Your task —
Your output should be the lines below from the one holding "新編江戸の悪霊祓い師 (ちくま学芸文庫 タ 10-1) 筑摩書房 高田 衛" through the one holding "食材には、おもにエネルギーの", transcribed exactly, with no pictures.
** Opening Recorded data block **
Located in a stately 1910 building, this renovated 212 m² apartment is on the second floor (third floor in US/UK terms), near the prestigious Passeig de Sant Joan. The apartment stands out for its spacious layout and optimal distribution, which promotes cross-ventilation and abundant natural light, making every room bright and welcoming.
** Closing Recorded data block **
** Opening Recorded data block **
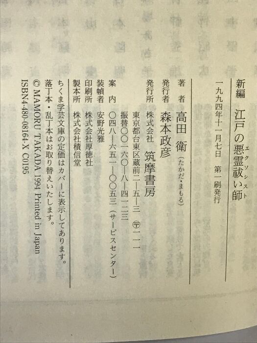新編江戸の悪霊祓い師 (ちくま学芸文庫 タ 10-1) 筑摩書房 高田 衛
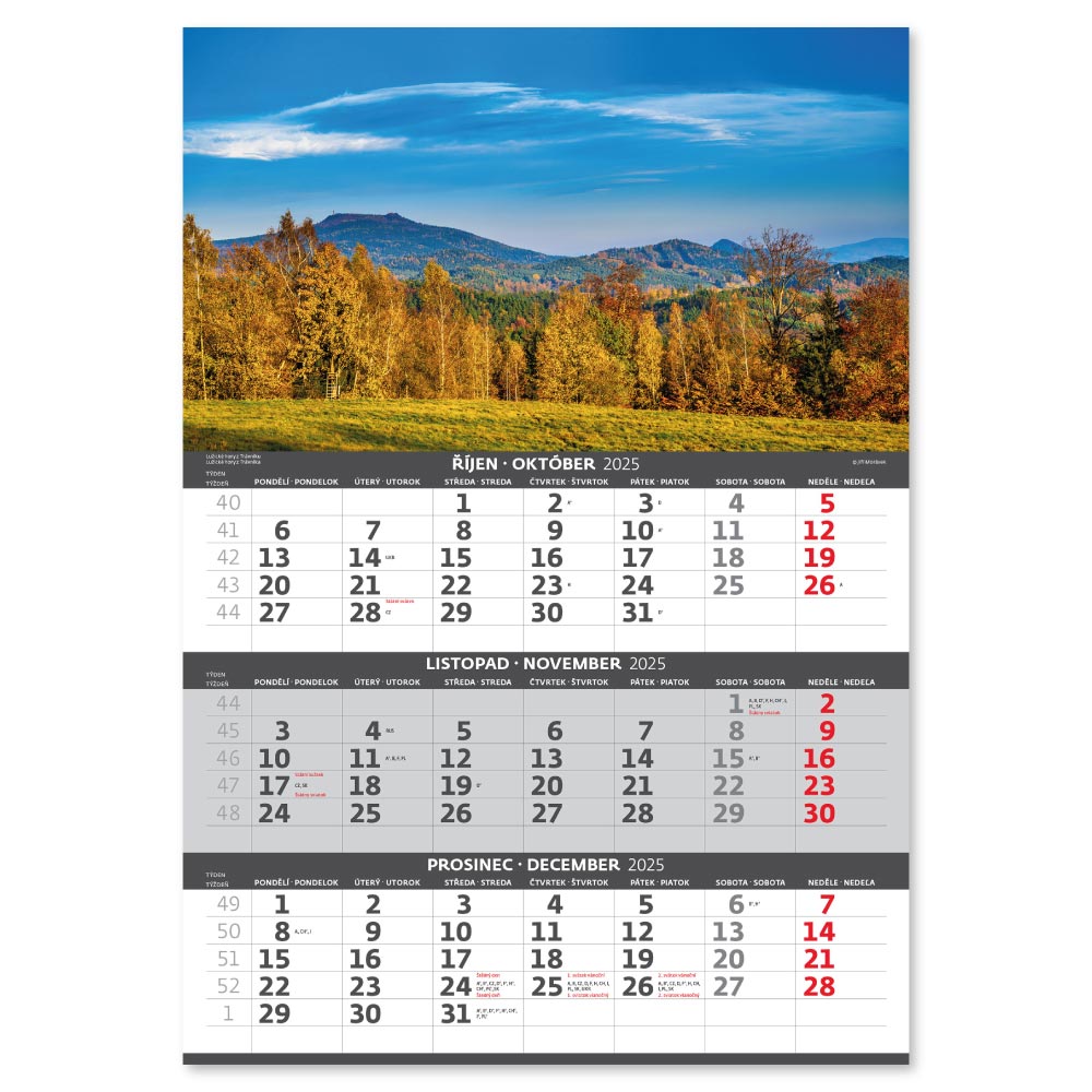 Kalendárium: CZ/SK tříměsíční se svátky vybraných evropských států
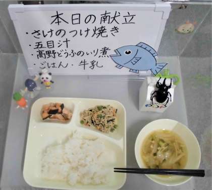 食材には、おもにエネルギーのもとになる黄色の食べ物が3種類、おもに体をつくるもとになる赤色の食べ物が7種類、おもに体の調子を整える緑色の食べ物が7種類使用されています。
** Closing Recorded data block **
Expected output —
新編江戸の悪霊祓い師 (ちくま学芸文庫 タ 10-1) 筑摩書房 高田 衛
 Kalendárium: CZ/SK tříměsíční se svátky vybraných evropských států
 食材には、おもにエネルギーのもとになる黄色の食べ物が3種類、おもに体をつくるもとになる赤色の食べ物が7種類、おもに体の調子を整える緑色の食べ物が7種類使用されています。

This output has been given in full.